• WORK INSTRUCTIONS:
Beginning with the line that contains "Justin Trudeau prête" and ending with the last line of the records, write out each line exactly and omit the pictures.

(Data records)
Start of Block

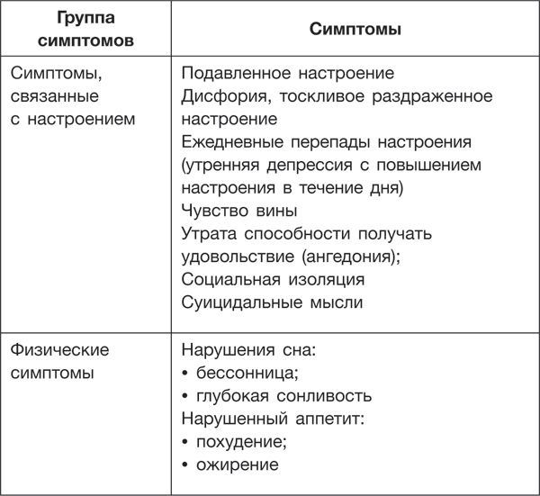Глубокая депрессия – состояние, для которого характерен чрезвычайно низкий уровень настроения, сопровождаемый ослаблением мыслительных способностей и памяти, утратой интереса к некогда любимым занятиям, нарушениями сна и аппетита, физической и умственной заторможенностью или возбуждением, а также довольно часто суицидными мыслями и поведением (табл. 1.2). Через депрессивное состояние проходят практически все люди с биполярным расстройством, причем для подавляющего большинства пациентов оно становится основным симптомом. Пациенты проводят больше времени, скорее, в депрессивном, чем в маниакальном состоянии.
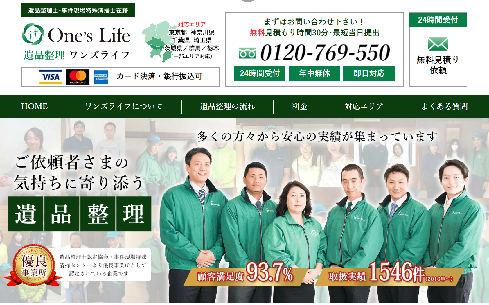 ワンズライフは、遺品整理・生前整理・特殊清掃 ・遺品の合同供養・生前整理等を行う。終活相談にも乗っており、 依頼主のさまざまな要望に応えている。
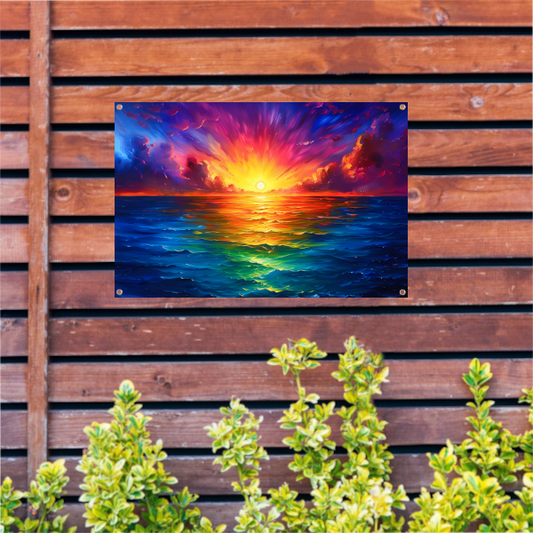 Kleurrijke zonsondergang boven kalme zee tuinposter
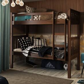 Caracteristicas: Acabamento em PU verniz Acompanha escada Estrados em madeira de pinus largura 20mm Estrutura em Madeira Macica de pinus 20 mm e Fundo compensado 4mm Tamanho do colchao indicado superior e inferior 88 cm x 188 cm
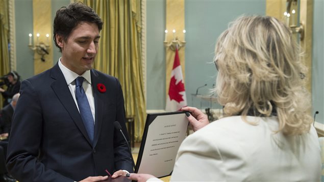 Justin Trudeau prête serment comme 23e premier ministre du Canada. Crédit photo : PC/Sean Kilpatrick
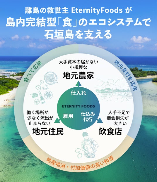 株式会社EternityFoodsは「石垣島の食材で世界を驚かせよう」をコンセプトに、「お客様、地域、自社、従業員の四方が利益を得て、永続的に発展・成長できる企業」を目指しています。特に、地域の食を通じて社会課題を解決し、持続可能な地域経済の実現に貢献することに熱い想いを込めています。

End of Block

• FINISHED EXERCISE:
 Justin Trudeau prête serment comme 23e premier ministre du Canada. Crédit photo : PC/Sean Kilpatrick
 株式会社EternityFoodsは「石垣島の食材で世界を驚かせよう」をコンセプトに、「お客様、地域、自社、従業員の四方が利益を得て、永続的に発展・成長できる企業」を目指しています。特に、地域の食を通じて社会課題を解決し、持続可能な地域経済の実現に貢献することに熱い想いを込めています。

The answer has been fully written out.